What Year Is It? Backstreet Boys Planning World Tour, Working With Max Martin


PASADENA, California — The Backstreet Boys' return to record shelves this year will mark the start of two comeback efforts: that of the group, of course, and that of the producer who led the charge during the '90s pop explosion.

"We just got finished working with Max Martin again," an animated A.J. McLean said of the producer behind countless Backstreet, 'NSYNC and Britney Spears hits. "He kind of went into hiding for a little bit, took a little break from the pop world and had a baby. And we caught wind through our record company that there was a song he wrote that he thought would be cool for us to try.

"It's a little bit more of a rock edge," he continued, "but we went in and tried it and it turned out great. It's a great record, and it's good to be around Max again."

Like the Backstreet Boys themselves, Martin is blending the sound he became know for with the current hot styles. "Music has changed," Nick Carter explained. "So he's gotten back in, he's reinvented himself, and hopefully we can be the new product of what that is."

In the studio with Martin and other producers, the Boys are doing some reinventing of their own.

"It's got urban, it's got pop, it's got rock, it's got ... everything," Brian Littrell said of their new music. "We're just kind of mixing the pot up and seeing what comes out and trying to put a great record together, just good, positive music. ... It's a little different, but still the traditional Backstreet sound because you've got all five voices on it."

The Backstreet Boys are more than halfway finished with their still-untitled new album, which will also feature a collaboration with Boyz II Men produced by Walter Afanasieff (Destiny's Child, Mariah Carey) and a teaming with a cappella veterans Take 6.

"Howie [Dorough] wrote a song, and [Take 6] arranged it for us, and we performed a little bit of it tonight a cappella," Kevin Richardson said backstage at the recent Wango Tango Festival.

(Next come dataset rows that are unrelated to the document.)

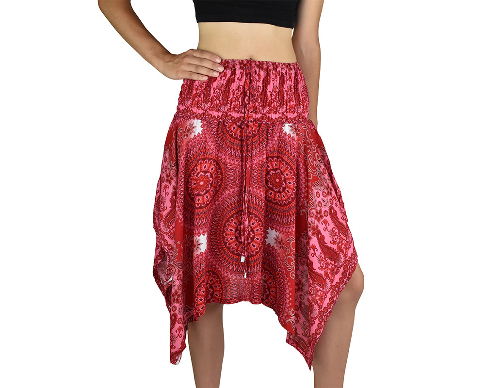 Lehká vzdušná sukně ideální pro letní dny. Má široký žabičkovaný pas, obdélníkový střih vytváří výrazné ozdobné cípy pro neotřelý vzhled. Délka je ke kolenům a díky šňůrkám můžete sukni snadno proměnit i ve stylový top.Rozměry:Pas: 25 - 45 cmDélka: 62 cmVelikost: S/M (odpovídá všem těmto...
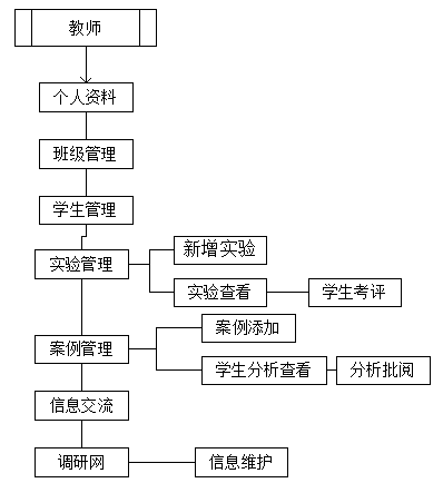 教師端系(xi)統(tong)由班級(ji)管理、學生管理、實(shi)驗管理、案例管理、調(diao)研(yan)網管理、信息交流、信息提示、郵件管理、在線(xian)作業、教師信息十個(ge)功能模塊組成。
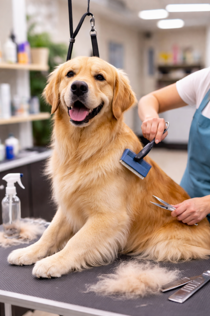 Related to their coat type, Golden Retrievers need bathing every 6-8weeks to help remove buildup within their double coat. However, the Golden Retriever is not a breed that needs regular haircuts, as the breed standards suggest a little trim and sculpting. Due to the long feathers on their hind quarters, Goldens may need freshening up in the winter, as mud and other substances can stick to their coat.
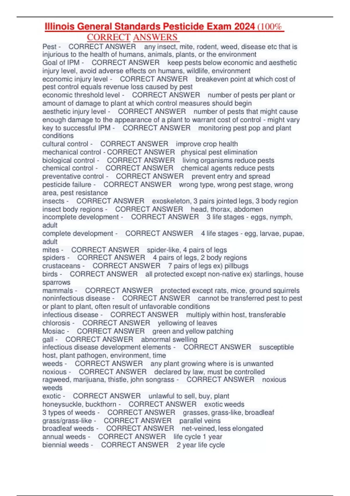 Illinois General Standards Pesticide Exam 2024 (100% CORRECT ANSWERS WITH COMPLETE SOLUTIONS
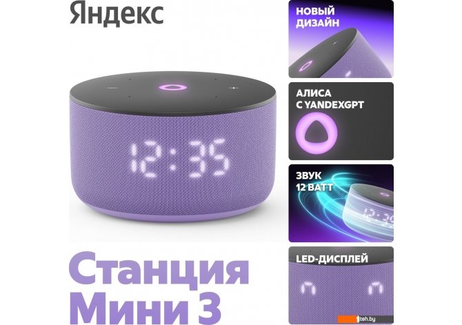 Фотографии, описание и технические характеристики модели портативной колонки Яндекс Станция Мини 3 с часами (фиолетовый) взяты из открытых источников, официального сайта производителя или представительства Яндекс в Республике Беларусь.

The group recorded four songs with the Underdogs, a production team best known for work with Ruben Studdard and Stacie Orrico

"The first records we did with them were very urban, what they normally do," Carter said. "And then we said, 'Why don't we just try to do something different?' We listened to, like, a Peter Gabriel record and we wrote, all of us collectively, wrote a song with them that was just, like, pushing the envelope. And we really got a chance to see how talented they are as producers and writers. They're good 'cause they're flexible."

Carter and his cohorts are aiming for a late summer release, followed by a fall tour.

"We're gonna try to kick off in September, October, maybe do Europe," Dorough said. "We've actually started talking about doing some shows over in Japan and China for the first time. Most likely the plan would be to come back to the States and kick off a world tour. Hopefully for a whole year."

"We just have to make the right record first, then we go from there," Littrell said.